David Abramson is an Australian computer scientist. He has been Director of the Research Computing Centre at the University of Queensland, Australia, since 2012. He has been involved in computer architecture and high performance computing research since 1979.

Abramson was elevated to Fellow of the Institute of Electrical and Electronics Engineers (IEEE) in 2016 for "contributions to software tools for high performance, parallel, and distributed computing".

In 2010 whilst Professor of Computer Science at Monash University, he was elected a Fellow of the Australian Academy of Technological Sciences and Engineering (FTSE). He is also a Fellow of the Association for Computing Machinery (FACM), and a Fellow of the Australian Computer Society (FACS).

Prior to taking a position at Monash in 1997, he held positions at Griffith University, CSIRO and RMIT.

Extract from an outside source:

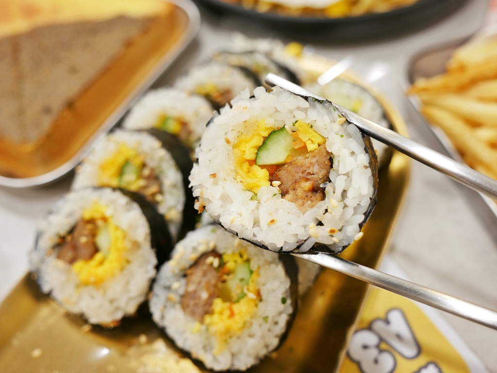 一早就能吃到飯捲讓早餐多了另一種風格的選擇,飯捲的份量還不小,可以選擇要不要刷上辣醬相當客製化,對於帶小朋友一起來用餐的家長,也能放心給小朋友享用。雖說沒有刷醬但也完全不乾,中間的配料就夠濕潤。

Abramson has a Bachelor of Science (Honours), a Doctor of Philosophy, and a Doctor of Science, all from Monash University.

In 2019 the Pearcey Foundation elevated him to the Pearcey Hall of Fame and awarded him the 2019 Pearcey Medal.

In 2021, he was awarded the ACM/IEEE Ken Kennedy Award for "innovation in parallel and distributed computing tools with broad applications, as well as leadership contributions to professional service, creating international technical communities, and mentoring."